Given records:
-------------------------

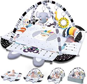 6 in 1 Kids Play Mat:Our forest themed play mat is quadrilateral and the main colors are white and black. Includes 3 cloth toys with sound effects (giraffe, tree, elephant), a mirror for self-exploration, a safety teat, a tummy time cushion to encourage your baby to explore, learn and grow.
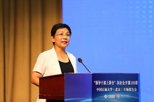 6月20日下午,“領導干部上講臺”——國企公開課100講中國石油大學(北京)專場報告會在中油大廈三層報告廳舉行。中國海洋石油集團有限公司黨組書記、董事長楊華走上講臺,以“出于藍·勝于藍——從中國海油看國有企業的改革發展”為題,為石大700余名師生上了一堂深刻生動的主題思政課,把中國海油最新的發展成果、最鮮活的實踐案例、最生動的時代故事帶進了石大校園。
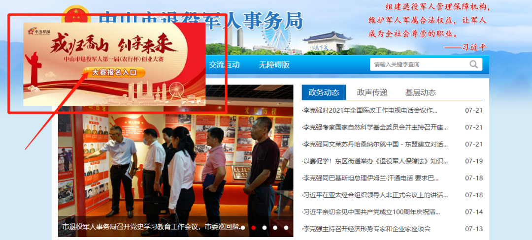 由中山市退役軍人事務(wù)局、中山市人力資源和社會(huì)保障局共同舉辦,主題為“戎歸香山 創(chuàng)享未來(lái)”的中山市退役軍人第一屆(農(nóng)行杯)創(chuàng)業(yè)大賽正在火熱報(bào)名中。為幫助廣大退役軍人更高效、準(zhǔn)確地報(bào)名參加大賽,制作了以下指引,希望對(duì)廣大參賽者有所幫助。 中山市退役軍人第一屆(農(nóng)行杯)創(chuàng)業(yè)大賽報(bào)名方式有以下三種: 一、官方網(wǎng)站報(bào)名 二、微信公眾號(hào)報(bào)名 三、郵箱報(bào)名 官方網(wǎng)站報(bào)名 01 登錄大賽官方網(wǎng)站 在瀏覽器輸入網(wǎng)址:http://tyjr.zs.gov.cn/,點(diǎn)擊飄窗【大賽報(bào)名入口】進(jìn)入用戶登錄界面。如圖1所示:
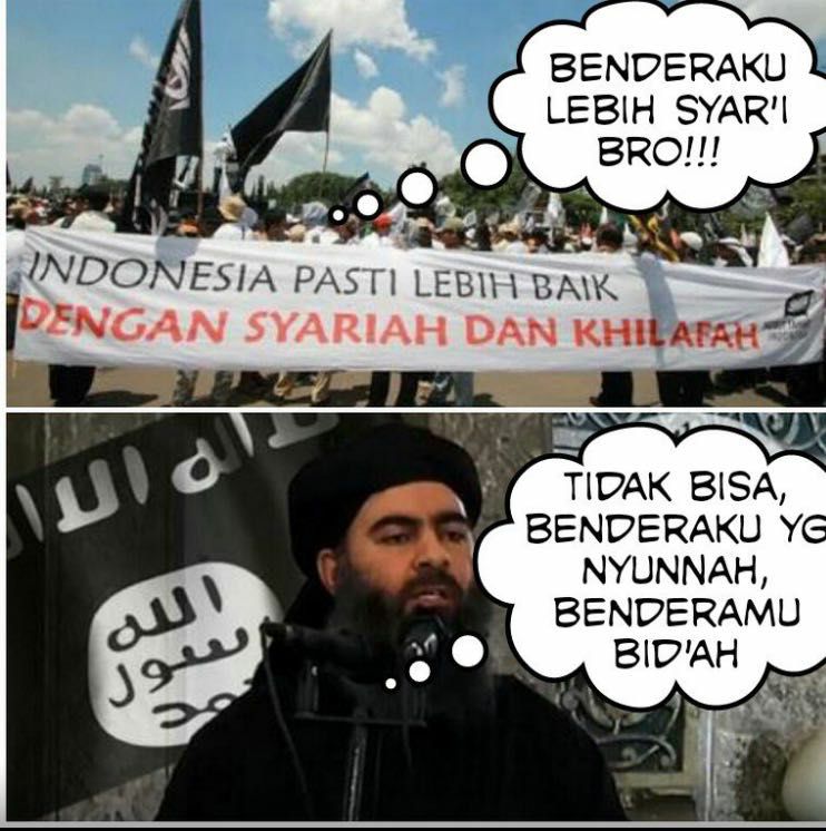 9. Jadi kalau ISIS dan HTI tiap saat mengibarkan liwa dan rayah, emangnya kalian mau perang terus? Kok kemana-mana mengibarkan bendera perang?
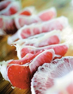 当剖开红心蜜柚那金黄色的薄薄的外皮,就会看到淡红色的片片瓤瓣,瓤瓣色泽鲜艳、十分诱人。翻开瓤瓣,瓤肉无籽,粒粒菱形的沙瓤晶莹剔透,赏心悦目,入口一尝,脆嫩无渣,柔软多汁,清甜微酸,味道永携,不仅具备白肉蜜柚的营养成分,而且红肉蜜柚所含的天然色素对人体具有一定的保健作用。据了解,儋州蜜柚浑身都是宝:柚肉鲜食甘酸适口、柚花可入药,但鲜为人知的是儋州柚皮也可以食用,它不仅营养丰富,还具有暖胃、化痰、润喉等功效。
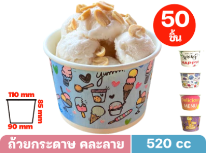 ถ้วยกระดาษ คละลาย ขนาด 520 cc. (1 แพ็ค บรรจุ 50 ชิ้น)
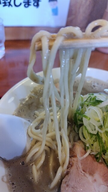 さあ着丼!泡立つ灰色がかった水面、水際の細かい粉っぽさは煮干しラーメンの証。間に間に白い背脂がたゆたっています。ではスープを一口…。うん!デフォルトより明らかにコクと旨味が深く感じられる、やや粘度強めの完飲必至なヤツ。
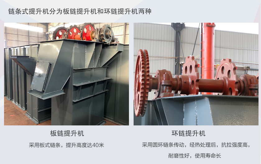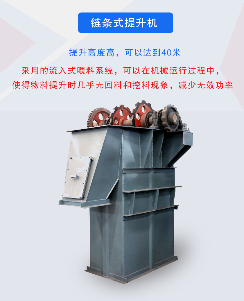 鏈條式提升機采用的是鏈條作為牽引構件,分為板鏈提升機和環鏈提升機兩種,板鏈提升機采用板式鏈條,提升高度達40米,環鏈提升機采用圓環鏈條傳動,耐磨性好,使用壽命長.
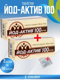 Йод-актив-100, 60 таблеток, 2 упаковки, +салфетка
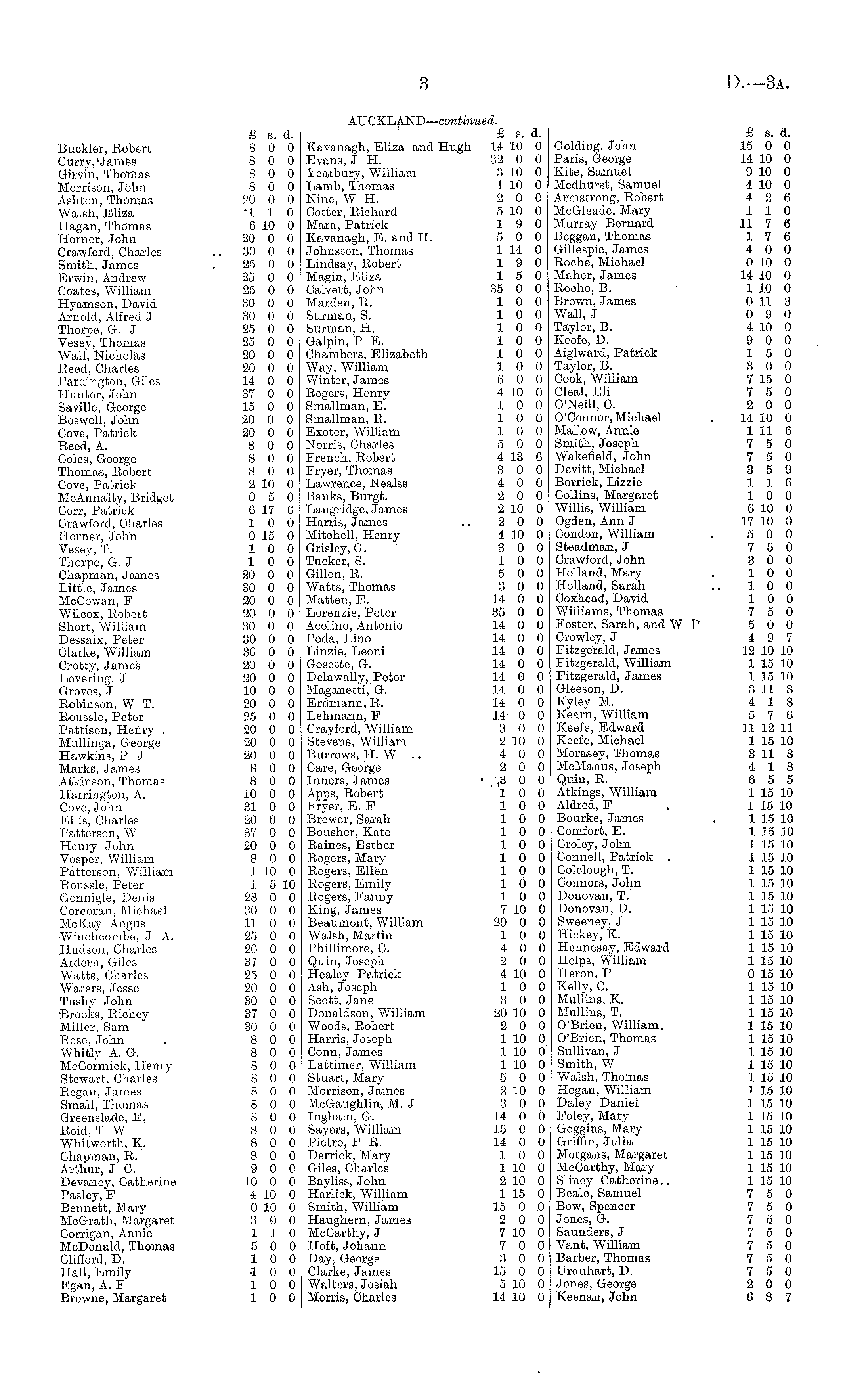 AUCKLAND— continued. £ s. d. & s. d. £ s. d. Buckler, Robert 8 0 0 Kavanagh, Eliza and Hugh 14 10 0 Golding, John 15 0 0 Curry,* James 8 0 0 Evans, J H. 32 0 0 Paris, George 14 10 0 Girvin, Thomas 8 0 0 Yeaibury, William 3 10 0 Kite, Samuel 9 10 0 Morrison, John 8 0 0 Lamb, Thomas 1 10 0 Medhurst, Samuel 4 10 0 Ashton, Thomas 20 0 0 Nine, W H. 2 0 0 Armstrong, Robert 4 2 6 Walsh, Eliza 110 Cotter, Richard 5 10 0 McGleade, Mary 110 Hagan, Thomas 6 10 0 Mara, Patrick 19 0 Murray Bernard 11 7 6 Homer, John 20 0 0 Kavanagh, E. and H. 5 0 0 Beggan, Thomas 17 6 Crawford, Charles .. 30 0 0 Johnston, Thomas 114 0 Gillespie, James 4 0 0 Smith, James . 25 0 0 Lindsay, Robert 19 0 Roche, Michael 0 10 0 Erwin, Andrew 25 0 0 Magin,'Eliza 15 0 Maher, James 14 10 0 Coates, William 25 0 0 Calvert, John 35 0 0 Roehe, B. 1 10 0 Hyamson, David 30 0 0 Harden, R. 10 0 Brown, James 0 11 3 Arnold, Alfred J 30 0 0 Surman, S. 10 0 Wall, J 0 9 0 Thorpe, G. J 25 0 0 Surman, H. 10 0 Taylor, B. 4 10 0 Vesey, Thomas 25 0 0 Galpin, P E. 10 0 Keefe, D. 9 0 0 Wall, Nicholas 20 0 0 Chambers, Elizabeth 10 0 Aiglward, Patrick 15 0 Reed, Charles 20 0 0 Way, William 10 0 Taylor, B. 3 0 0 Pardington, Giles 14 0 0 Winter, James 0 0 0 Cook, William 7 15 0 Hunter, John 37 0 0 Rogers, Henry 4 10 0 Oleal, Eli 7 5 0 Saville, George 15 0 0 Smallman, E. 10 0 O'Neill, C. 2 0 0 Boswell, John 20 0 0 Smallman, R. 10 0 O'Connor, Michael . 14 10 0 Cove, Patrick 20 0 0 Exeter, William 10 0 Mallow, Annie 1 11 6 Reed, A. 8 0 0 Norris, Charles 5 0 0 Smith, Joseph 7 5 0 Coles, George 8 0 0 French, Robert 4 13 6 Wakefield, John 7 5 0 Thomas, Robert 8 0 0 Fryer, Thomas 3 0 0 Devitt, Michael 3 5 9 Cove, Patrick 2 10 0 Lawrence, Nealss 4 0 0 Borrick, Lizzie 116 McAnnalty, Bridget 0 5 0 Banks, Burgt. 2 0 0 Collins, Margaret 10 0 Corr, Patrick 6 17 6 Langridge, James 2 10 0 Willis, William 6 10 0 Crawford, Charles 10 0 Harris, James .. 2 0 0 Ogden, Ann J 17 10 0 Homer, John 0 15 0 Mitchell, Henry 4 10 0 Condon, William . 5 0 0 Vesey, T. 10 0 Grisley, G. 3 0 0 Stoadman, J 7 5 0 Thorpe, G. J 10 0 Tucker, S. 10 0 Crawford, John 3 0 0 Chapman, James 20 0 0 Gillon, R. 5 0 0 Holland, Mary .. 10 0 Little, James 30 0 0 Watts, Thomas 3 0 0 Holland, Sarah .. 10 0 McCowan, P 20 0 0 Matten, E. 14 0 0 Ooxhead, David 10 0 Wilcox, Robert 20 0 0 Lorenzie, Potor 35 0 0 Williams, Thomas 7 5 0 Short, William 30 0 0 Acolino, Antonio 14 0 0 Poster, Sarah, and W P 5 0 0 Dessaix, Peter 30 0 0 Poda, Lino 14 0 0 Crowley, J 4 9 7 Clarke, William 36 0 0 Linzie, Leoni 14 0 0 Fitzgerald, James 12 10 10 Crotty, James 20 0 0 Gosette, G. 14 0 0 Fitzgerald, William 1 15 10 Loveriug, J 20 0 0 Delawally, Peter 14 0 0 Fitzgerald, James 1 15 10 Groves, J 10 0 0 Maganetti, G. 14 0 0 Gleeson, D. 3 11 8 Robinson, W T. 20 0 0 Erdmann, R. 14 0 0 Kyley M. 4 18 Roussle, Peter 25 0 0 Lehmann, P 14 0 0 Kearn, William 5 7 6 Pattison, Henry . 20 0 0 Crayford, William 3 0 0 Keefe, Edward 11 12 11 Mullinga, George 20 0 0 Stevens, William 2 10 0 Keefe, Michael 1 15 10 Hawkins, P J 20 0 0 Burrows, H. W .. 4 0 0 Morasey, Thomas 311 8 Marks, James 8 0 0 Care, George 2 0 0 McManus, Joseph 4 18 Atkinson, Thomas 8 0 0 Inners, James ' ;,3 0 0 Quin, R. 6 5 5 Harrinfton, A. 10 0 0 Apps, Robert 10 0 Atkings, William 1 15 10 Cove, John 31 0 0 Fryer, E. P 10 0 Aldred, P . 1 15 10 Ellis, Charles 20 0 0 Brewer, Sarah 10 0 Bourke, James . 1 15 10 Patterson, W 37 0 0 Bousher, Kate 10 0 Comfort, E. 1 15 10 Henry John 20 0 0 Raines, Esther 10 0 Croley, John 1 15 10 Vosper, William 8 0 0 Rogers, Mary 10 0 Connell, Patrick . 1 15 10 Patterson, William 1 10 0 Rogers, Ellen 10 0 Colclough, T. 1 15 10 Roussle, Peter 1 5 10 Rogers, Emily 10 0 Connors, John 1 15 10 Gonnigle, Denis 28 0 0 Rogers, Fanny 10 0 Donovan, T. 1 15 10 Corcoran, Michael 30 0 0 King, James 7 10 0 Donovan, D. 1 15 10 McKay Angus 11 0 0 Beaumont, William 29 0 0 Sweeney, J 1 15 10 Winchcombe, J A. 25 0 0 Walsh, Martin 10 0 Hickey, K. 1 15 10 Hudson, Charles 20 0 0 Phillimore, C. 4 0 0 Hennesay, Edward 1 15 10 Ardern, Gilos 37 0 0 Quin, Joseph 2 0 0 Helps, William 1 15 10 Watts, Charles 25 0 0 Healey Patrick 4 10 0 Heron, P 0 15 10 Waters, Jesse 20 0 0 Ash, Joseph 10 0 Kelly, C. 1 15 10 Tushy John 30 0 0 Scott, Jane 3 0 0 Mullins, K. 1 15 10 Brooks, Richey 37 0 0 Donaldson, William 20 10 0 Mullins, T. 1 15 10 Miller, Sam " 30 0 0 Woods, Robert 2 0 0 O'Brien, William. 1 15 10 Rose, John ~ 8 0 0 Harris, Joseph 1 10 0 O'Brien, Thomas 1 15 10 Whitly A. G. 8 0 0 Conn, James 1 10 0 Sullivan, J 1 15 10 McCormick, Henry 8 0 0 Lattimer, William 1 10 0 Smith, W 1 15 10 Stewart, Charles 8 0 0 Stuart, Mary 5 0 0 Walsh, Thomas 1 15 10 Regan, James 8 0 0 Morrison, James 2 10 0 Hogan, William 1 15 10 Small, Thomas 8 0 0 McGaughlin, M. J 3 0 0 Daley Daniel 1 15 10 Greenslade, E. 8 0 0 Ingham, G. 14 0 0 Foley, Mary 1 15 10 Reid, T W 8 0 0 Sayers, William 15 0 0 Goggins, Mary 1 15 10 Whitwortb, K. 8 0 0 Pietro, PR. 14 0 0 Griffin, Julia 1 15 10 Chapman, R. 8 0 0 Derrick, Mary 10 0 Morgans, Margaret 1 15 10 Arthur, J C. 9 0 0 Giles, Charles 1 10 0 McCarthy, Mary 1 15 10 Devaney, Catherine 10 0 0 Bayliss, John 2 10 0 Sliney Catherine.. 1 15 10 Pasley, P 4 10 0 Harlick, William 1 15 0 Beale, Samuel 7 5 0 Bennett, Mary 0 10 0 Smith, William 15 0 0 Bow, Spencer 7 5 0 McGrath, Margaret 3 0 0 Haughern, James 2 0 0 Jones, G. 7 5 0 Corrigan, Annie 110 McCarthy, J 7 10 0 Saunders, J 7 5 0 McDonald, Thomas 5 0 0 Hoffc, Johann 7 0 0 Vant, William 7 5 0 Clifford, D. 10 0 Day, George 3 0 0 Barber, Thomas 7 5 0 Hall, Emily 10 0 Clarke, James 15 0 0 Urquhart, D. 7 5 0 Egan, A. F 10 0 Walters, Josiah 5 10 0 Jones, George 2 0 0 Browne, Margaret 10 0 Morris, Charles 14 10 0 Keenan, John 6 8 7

-------------------------

Your goal: Exact copy, pictures excluded: from the line with "鏈條式提升機采用的是鏈條作為" up to and including the line with "Йод-актив-100, 60 таблеток, 2" in the data above.

Answer to the problem:
 鏈條式提升機采用的是鏈條作為牽引構件,分為板鏈提升機和環鏈提升機兩種,板鏈提升機采用板式鏈條,提升高度達40米,環鏈提升機采用圓環鏈條傳動,耐磨性好,使用壽命長.
 Йод-актив-100, 60 таблеток, 2 упаковки, +салфетка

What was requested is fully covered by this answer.